» **What the exercise asks**: Reproduce only this stretch of the listing below: from the line with "今回、プロジェクトが北國街道" through the line with "The discussion revolves", exactly as written, with pictures excluded.

» **Study material**:
Segment Open

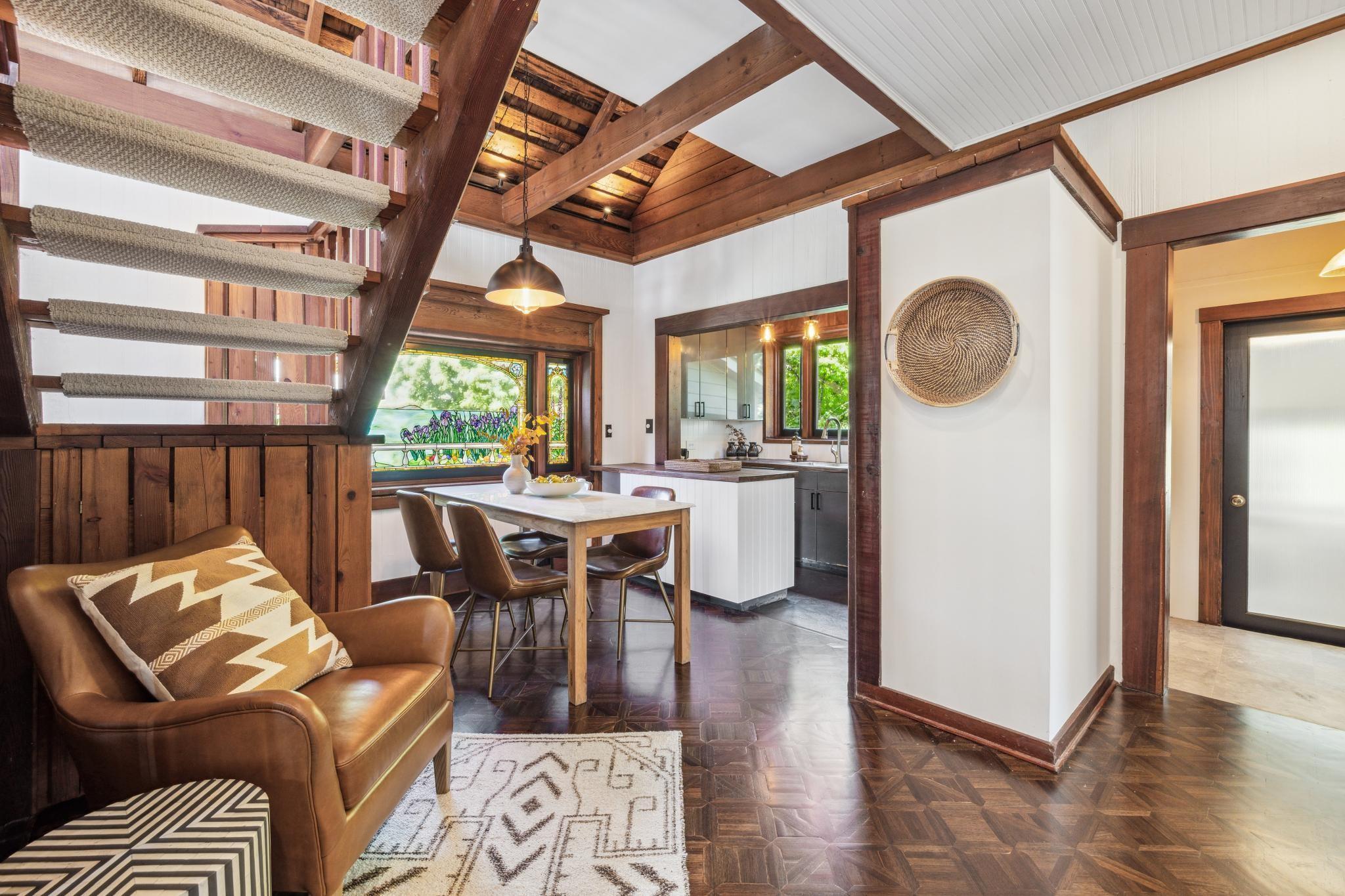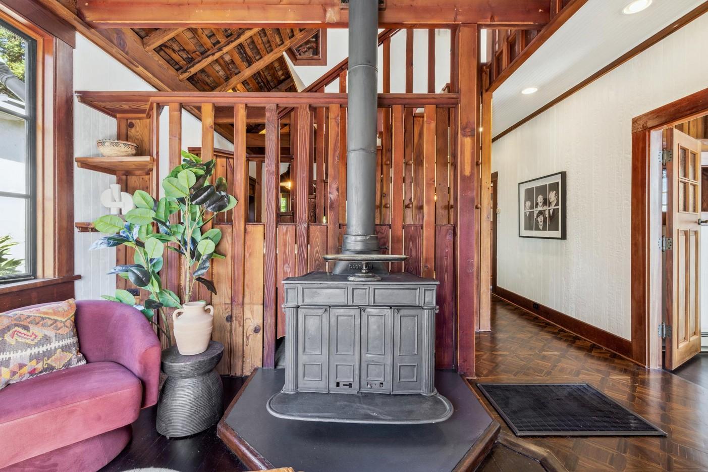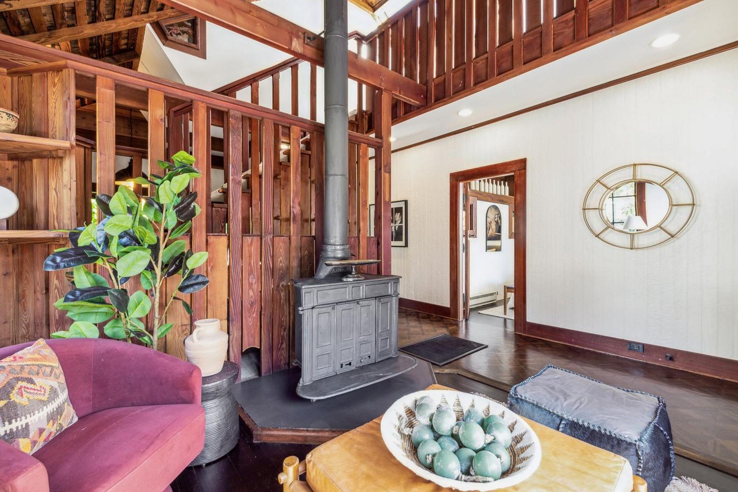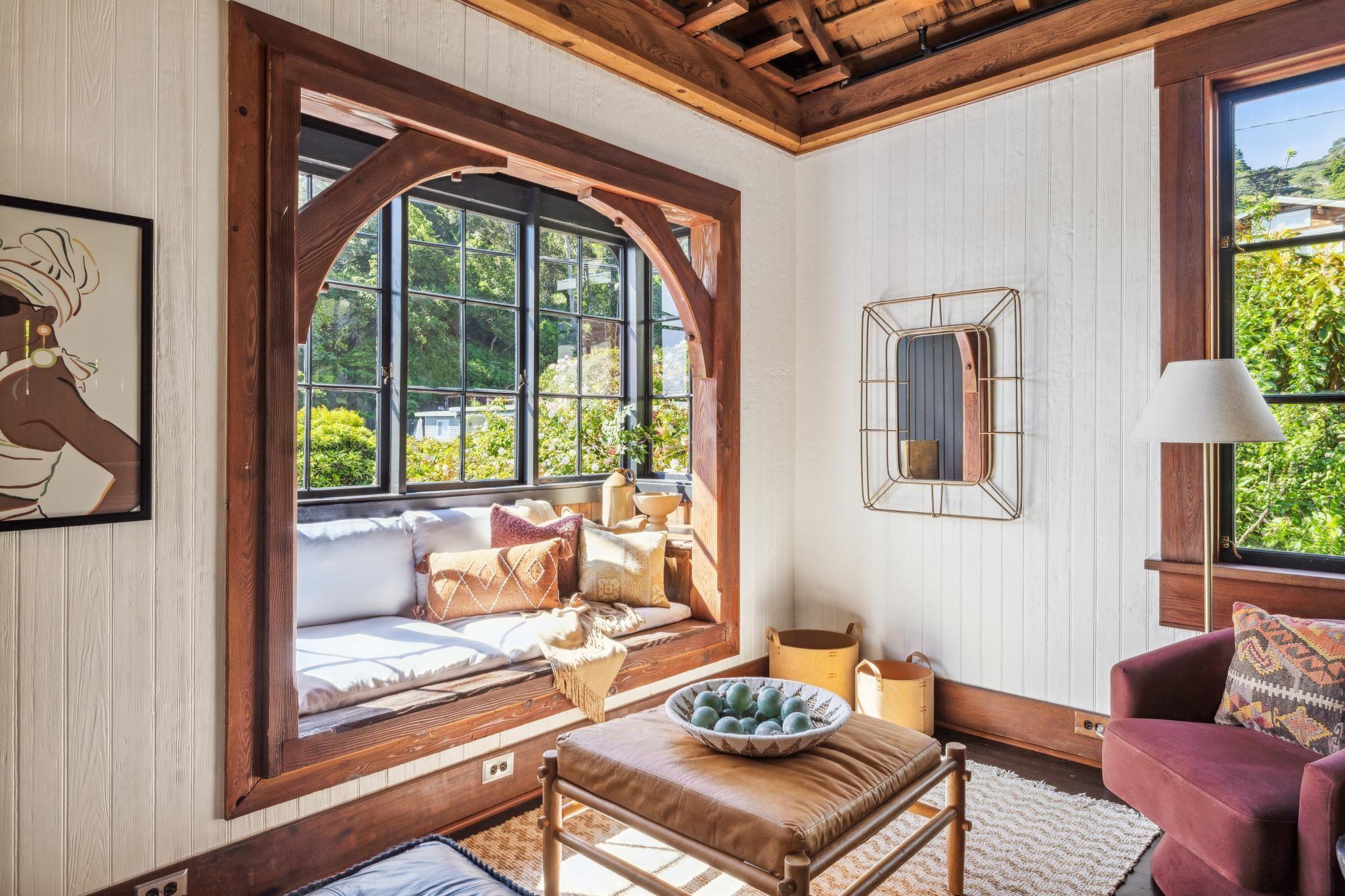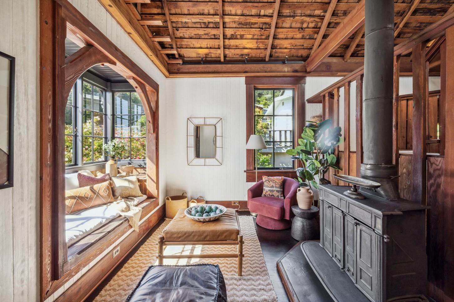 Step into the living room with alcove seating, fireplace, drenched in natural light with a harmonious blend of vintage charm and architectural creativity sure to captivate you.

Segment Closed
Segment Open

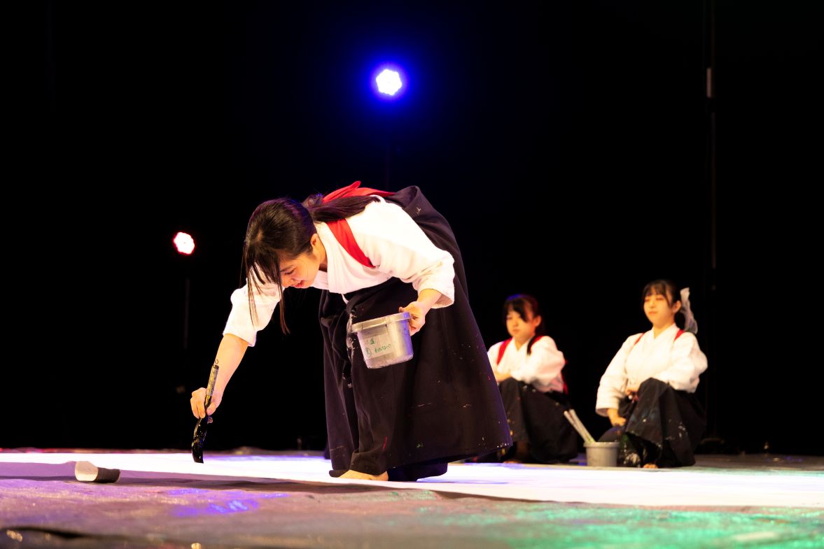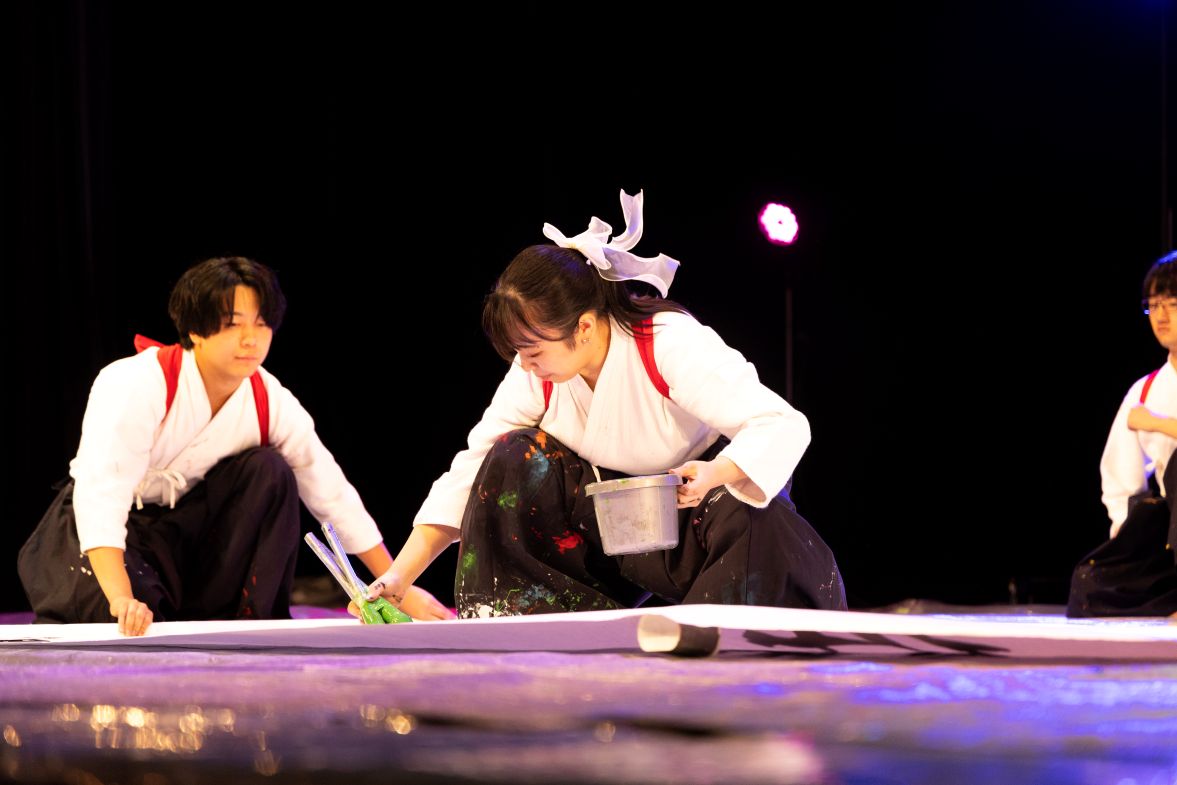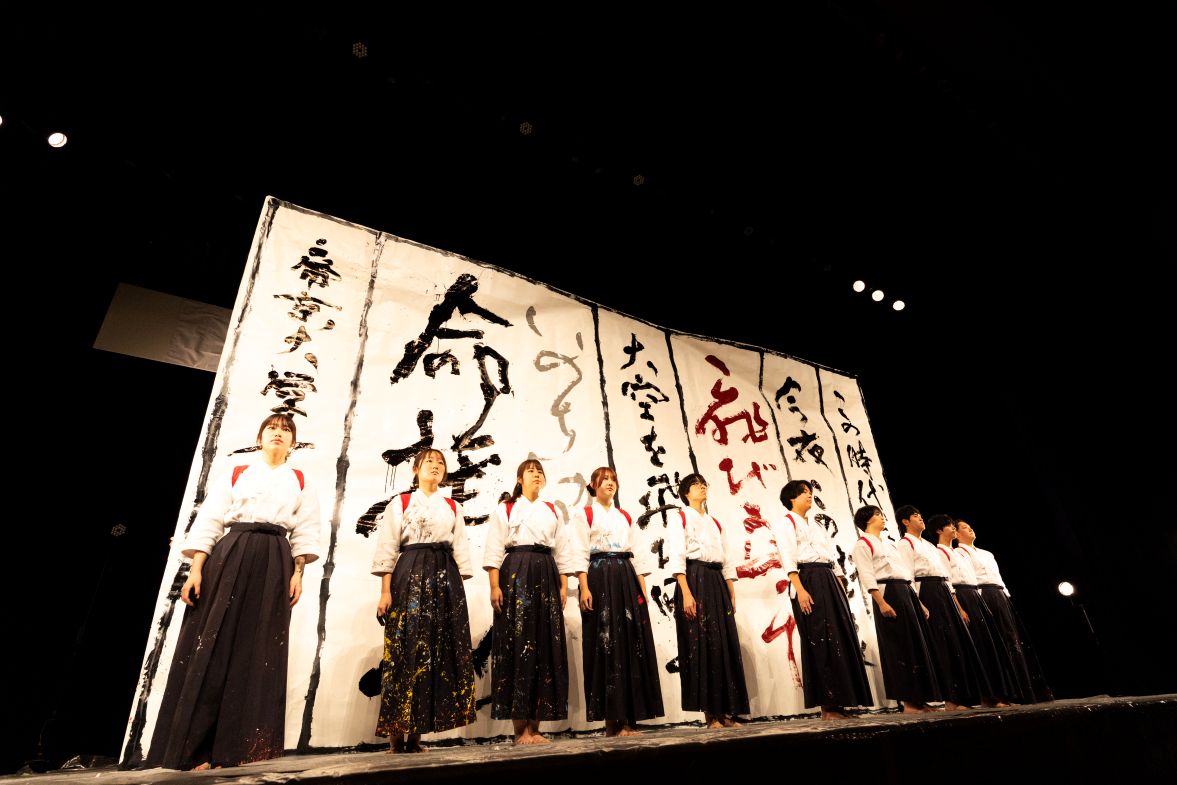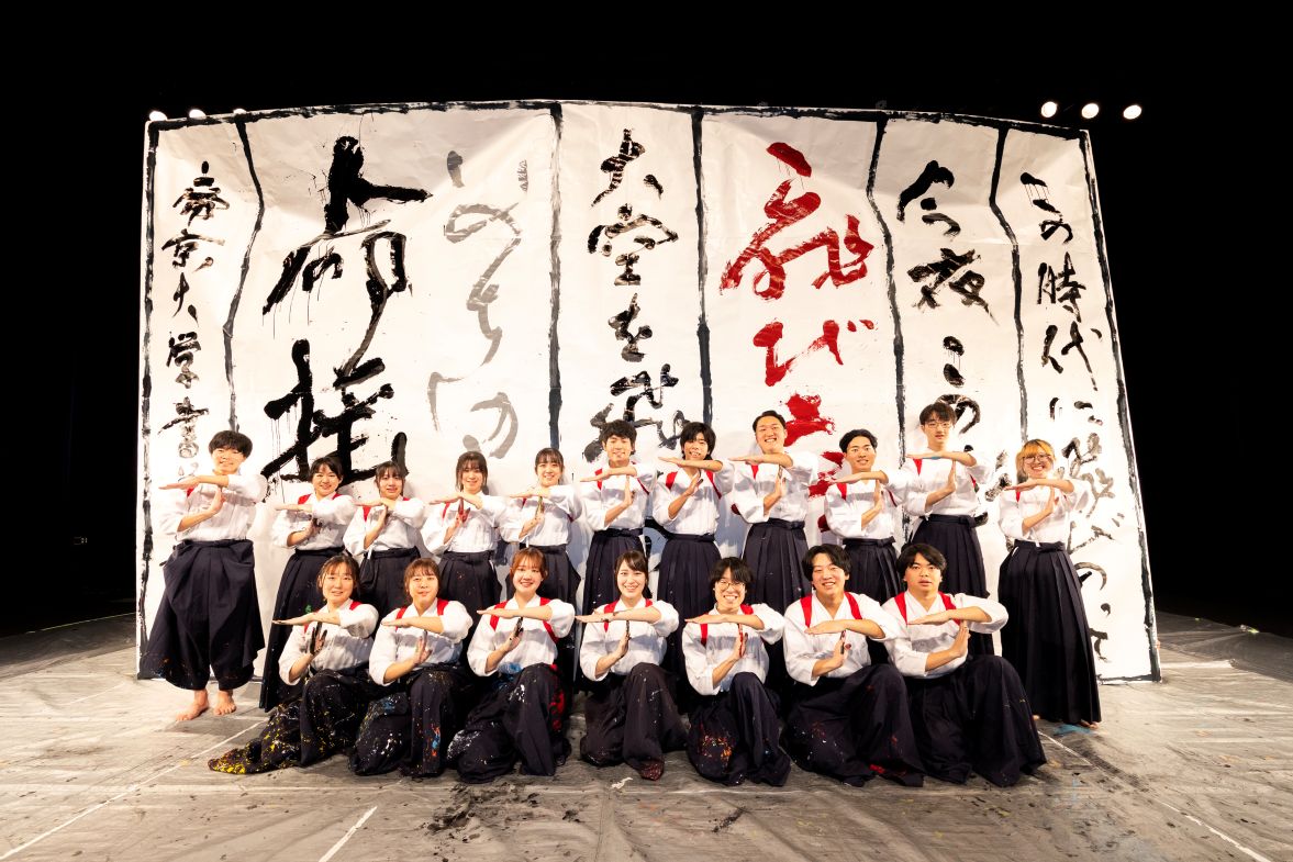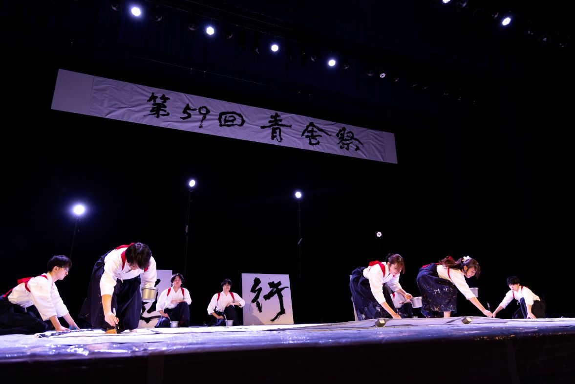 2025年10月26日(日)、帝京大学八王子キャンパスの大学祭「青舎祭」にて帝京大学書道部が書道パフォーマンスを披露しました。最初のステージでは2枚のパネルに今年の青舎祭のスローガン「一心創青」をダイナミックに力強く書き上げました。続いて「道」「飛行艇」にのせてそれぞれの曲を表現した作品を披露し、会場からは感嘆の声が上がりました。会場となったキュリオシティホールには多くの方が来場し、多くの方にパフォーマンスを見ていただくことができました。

Segment Closed
Segment Open

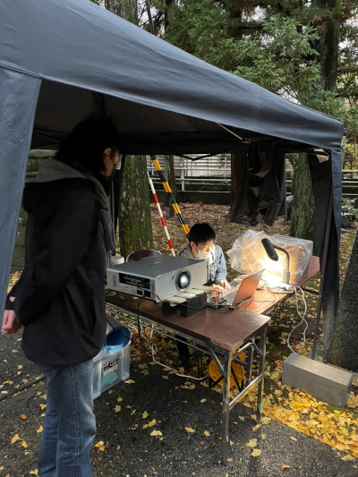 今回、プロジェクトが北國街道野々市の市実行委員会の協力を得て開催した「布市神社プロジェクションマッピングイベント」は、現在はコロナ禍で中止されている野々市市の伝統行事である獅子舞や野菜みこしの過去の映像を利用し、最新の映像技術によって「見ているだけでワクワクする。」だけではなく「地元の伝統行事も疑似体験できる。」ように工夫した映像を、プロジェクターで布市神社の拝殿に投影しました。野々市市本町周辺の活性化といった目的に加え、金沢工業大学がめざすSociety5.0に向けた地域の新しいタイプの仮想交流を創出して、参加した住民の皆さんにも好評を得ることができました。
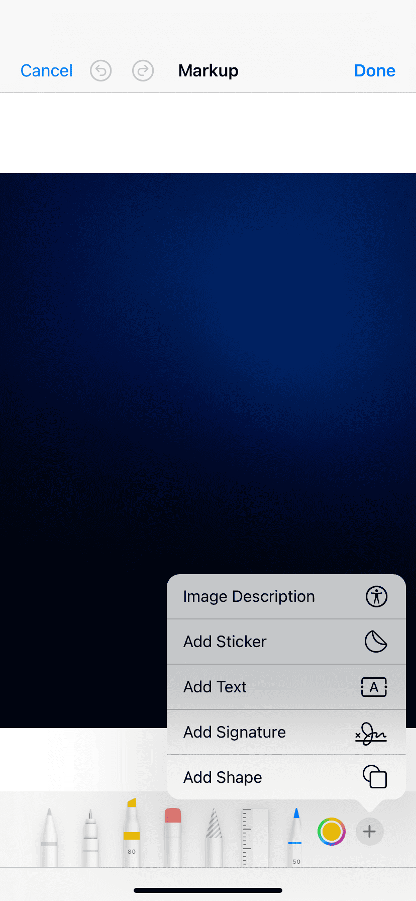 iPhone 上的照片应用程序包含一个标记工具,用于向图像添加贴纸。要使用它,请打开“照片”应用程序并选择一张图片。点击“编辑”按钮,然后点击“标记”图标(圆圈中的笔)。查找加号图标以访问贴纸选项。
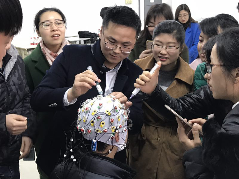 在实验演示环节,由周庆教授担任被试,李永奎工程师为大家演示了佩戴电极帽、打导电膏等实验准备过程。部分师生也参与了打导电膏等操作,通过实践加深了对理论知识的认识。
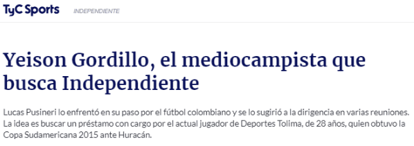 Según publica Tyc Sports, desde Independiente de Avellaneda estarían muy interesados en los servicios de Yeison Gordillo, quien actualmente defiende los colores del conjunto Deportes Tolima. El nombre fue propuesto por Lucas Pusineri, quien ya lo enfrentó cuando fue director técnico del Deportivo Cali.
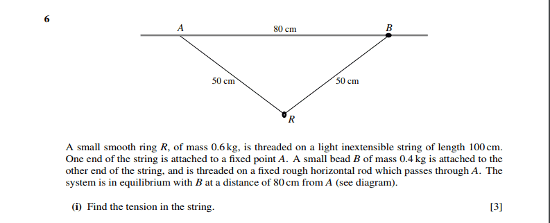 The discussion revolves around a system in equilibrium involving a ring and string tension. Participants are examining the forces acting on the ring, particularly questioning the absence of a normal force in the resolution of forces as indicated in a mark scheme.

Segment Closed

» **Result for this exercise**:
 今回、プロジェクトが北國街道野々市の市実行委員会の協力を得て開催した「布市神社プロジェクションマッピングイベント」は、現在はコロナ禍で中止されている野々市市の伝統行事である獅子舞や野菜みこしの過去の映像を利用し、最新の映像技術によって「見ているだけでワクワクする。」だけではなく「地元の伝統行事も疑似体験できる。」ように工夫した映像を、プロジェクターで布市神社の拝殿に投影しました。野々市市本町周辺の活性化といった目的に加え、金沢工業大学がめざすSociety5.0に向けた地域の新しいタイプの仮想交流を創出して、参加した住民の皆さんにも好評を得ることができました。
 iPhone 上的照片应用程序包含一个标记工具,用于向图像添加贴纸。要使用它,请打开“照片”应用程序并选择一张图片。点击“编辑”按钮,然后点击“标记”图标(圆圈中的笔)。查找加号图标以访问贴纸选项。
 在实验演示环节,由周庆教授担任被试,李永奎工程师为大家演示了佩戴电极帽、打导电膏等实验准备过程。部分师生也参与了打导电膏等操作,通过实践加深了对理论知识的认识。
 Según publica Tyc Sports, desde Independiente de Avellaneda estarían muy interesados en los servicios de Yeison Gordillo, quien actualmente defiende los colores del conjunto Deportes Tolima. El nombre fue propuesto por Lucas Pusineri, quien ya lo enfrentó cuando fue director técnico del Deportivo Cali.
 The discussion revolves around a system in equilibrium involving a ring and string tension. Participants are examining the forces acting on the ring, particularly questioning the absence of a normal force in the resolution of forces as indicated in a mark scheme.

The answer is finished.